● What the task requires
Retype the lines below exactly, but only those from the line that has "o cristão sabe" through the line that has "IMAGEN 1. Apuntes antropométricos, 1900". Omit every picture.

[Opening Material for this task section]

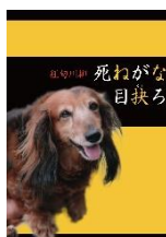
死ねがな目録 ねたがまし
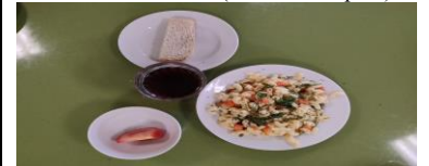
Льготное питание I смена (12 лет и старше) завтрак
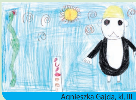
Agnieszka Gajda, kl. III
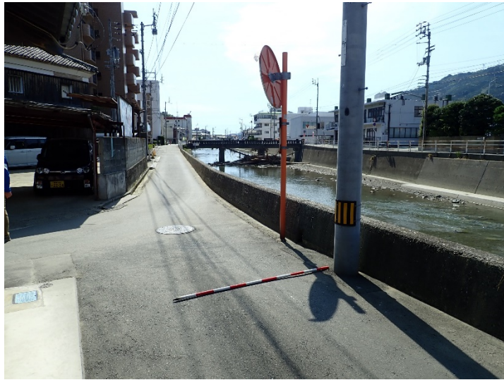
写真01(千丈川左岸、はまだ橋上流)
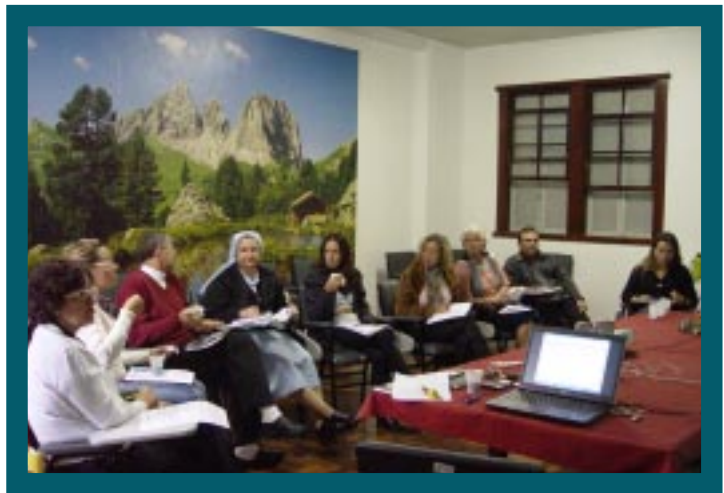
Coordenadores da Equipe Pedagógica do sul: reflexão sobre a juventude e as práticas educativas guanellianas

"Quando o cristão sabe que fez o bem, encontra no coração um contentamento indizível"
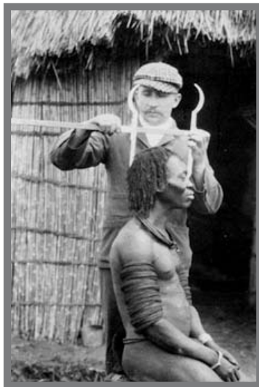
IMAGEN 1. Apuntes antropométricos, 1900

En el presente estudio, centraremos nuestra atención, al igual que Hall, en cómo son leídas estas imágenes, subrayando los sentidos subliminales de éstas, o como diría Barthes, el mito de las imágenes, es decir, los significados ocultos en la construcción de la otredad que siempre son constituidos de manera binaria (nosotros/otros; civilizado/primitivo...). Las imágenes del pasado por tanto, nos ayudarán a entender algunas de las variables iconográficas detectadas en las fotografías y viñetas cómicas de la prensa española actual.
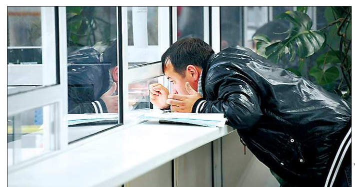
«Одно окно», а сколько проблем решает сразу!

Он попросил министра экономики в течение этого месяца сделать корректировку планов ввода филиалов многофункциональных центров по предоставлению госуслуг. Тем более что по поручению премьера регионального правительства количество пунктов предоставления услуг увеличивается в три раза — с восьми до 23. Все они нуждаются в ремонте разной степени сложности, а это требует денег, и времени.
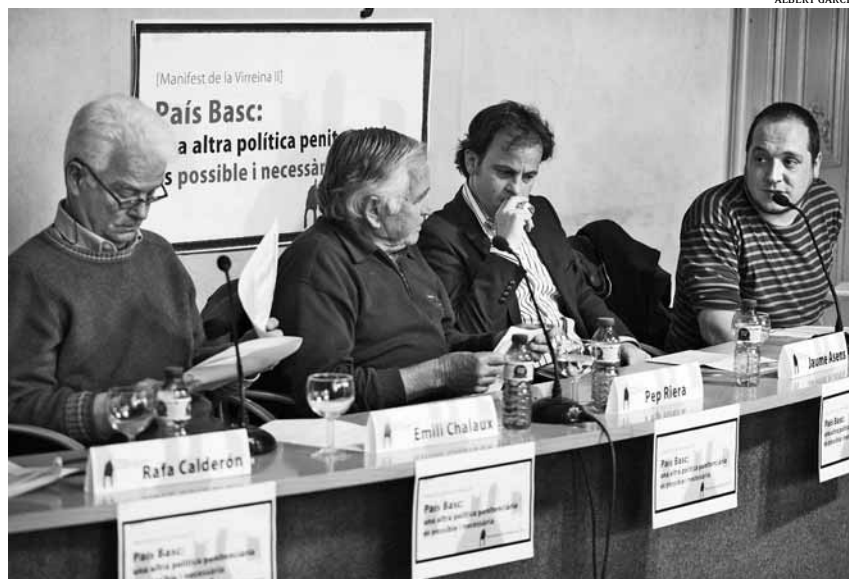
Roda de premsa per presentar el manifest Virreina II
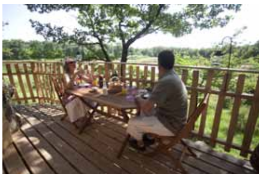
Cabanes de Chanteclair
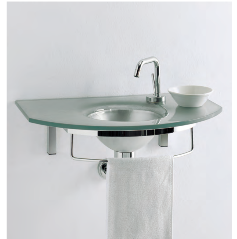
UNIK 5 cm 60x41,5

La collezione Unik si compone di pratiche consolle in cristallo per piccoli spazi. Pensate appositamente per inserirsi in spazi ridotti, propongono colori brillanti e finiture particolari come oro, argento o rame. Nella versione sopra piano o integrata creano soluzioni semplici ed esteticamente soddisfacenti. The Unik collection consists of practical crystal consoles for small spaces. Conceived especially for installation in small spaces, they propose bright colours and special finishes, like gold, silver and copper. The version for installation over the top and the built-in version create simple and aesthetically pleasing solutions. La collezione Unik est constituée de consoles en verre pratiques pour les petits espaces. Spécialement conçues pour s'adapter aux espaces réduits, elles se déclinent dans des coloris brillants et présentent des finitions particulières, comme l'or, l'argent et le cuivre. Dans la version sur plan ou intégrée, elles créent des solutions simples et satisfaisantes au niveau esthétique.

[Closing Material for this task section]

● Written response
"Quando o cristão sabe que fez o bem, encontra no coração um contentamento indizível"
IMAGEN 1. Apuntes antropométricos, 1900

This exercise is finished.